According to genetic experts, “Dopa-responsive dystonia is diagnosed based on the signs and symptoms present, results of laboratory tests (sometimes including genetic testing), and response to therapy with levodopa” (Nikhar N., 2014). As a result of dopamine-responsive dystonia being such a rarity, this condition tends to often be misdiagnosed as another condition with similar symptoms. When it is accurately diagnosed, the normal testing procedures may include, compiling and reviewing the family medical history of the patient, genetic testing, PET scan, MRI, and administering a trial of levodopa medications.

 Moreover, the diagnosis process will always include a review of the patient’s symptoms. Patients presenting with dopamine-responsive dystonia symptoms share a list of common features, including, abnormal gait, hand tremor, dystonic movements that worsen with stress and fatigue, and (as found in adult patients) parkinsonian features.  Further, the main cause of dopa-responsive dystonia is due to a mutation found among several genes. One of the genes affected by this mutation is found in gene GCH1. This mutation found in gene GCH1 (which encodes the enzyme GTP cyclohydrolase 1) is responsible for the disruption of the production of BH4, which, consequently, reduces dopamine levels and manifests its side effects as dystonic movements and parkinsonian features ("OMIM Entry - # 128230 - dystonia; dopamine-responsive dystonia ", 2019).

Treatment

As found among correctly diagnosed patients suffering from dopa-responsive dystonia, a treatment of low-dose levodopa has proven to dramatically improve symptoms.  With regular use, levodopa therapy has demonstrated a sustained pattern of relief from symptoms. Although levodopa therapy offers patients an avenue of relief from symptoms, due to common misdiagnosis of patients (specifically adult-onset patients) with dopamine-responsive dystonia, many have been left without successful treatment (Gordon, 2007).  Moreover, with the presentation of dopamine-responsive dystonia symptoms being a result of a genetic mutation, prevention of this painful condition cannot currently be made possible.

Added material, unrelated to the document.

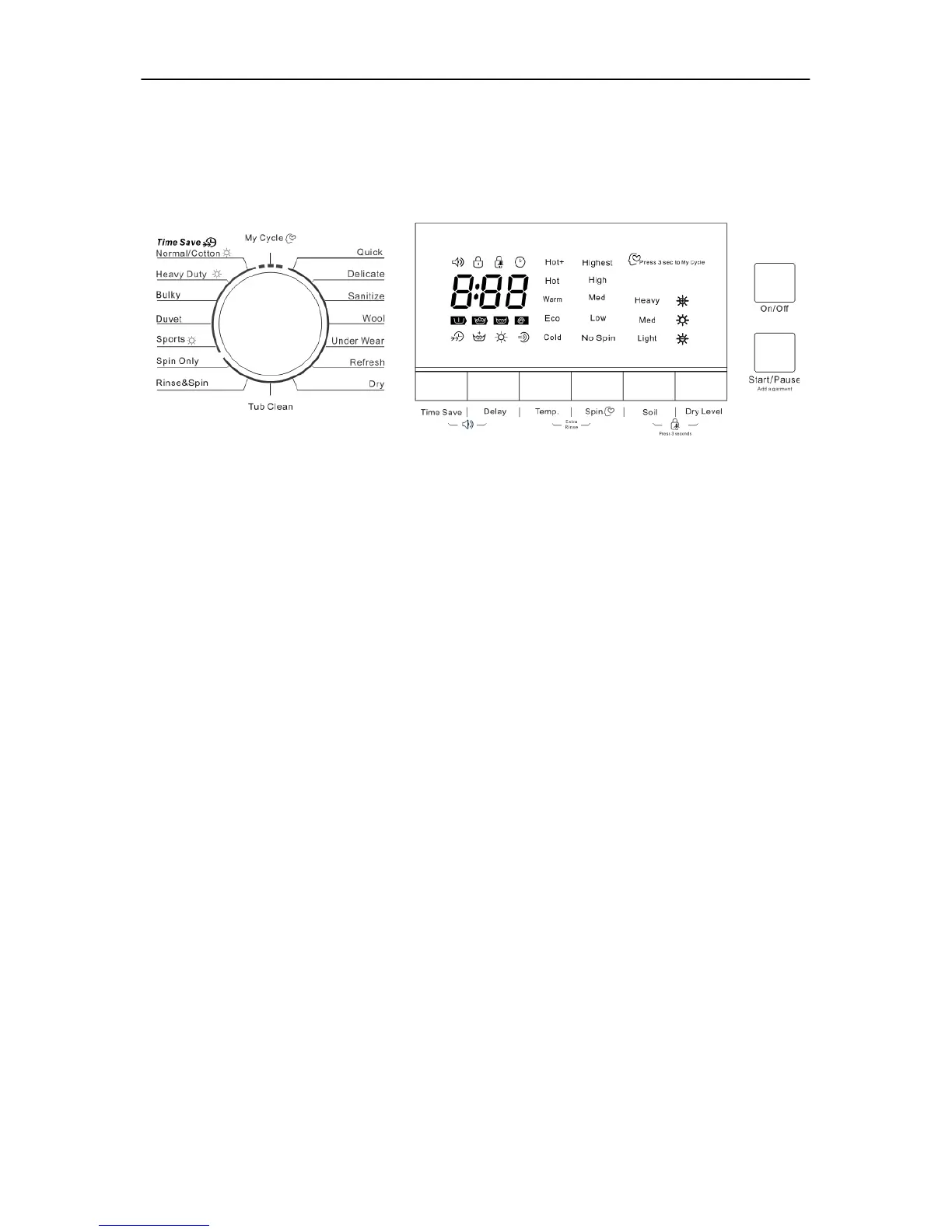 Soil level button: Press this button to set the soil level for wash cycle, Heavy, Medium and Light.

One of the more recent methods of treatment being utilized by dopamine-responsive dystonia sufferers is the use of botulinum toxin injections (aka. Botox) (Kojovic, et al., 2011). According to Kojovic (2011), “Botulinum toxin injections ameliorate dystonic symptoms by blocking the neuromuscular junction and weakening dystonic contractions”. By injecting Botox into specific muscles, contractions and abnormal postures are shown to improve when repeated on a quarterly basis.

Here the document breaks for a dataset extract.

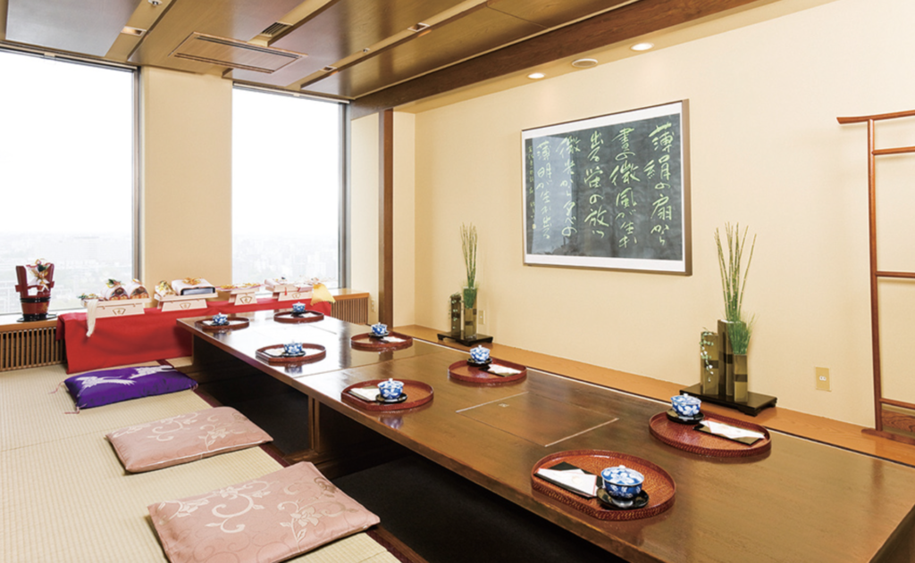 個室は、脚に優しい掘りごたつの和室と落ち着いた雰囲気の洋室から選べます。どの部屋も広い窓が設けられており、22階からの札幌市街の景色を一望できる贅沢な空間です。特に夜景は格別で、都会の輝きを背景に厳かな顔合わせの時間を演出してくれます。

In addition to these other forms of treatment, physical therapy, speech therapy, specific stretching techniques, and getting massages to relieve muscle pain, have also proven to be helpful. As a last resort, after first trying these other alternatives, surgery is an option for patients suffering severe symptoms. Deep brain stimulation surgery has become increasingly popular during recent years for qualifying dopamine-responsive dystonia candidates. According to Mayo Clinic (2019), “Electrodes are surgically implanted into a specific part of your brain and connected to a generator implanted in your chest. The generator sends electrical pulses to your brain that might help to control your muscle contractions. The settings on the generator can be adjusted to treat your specific condition”.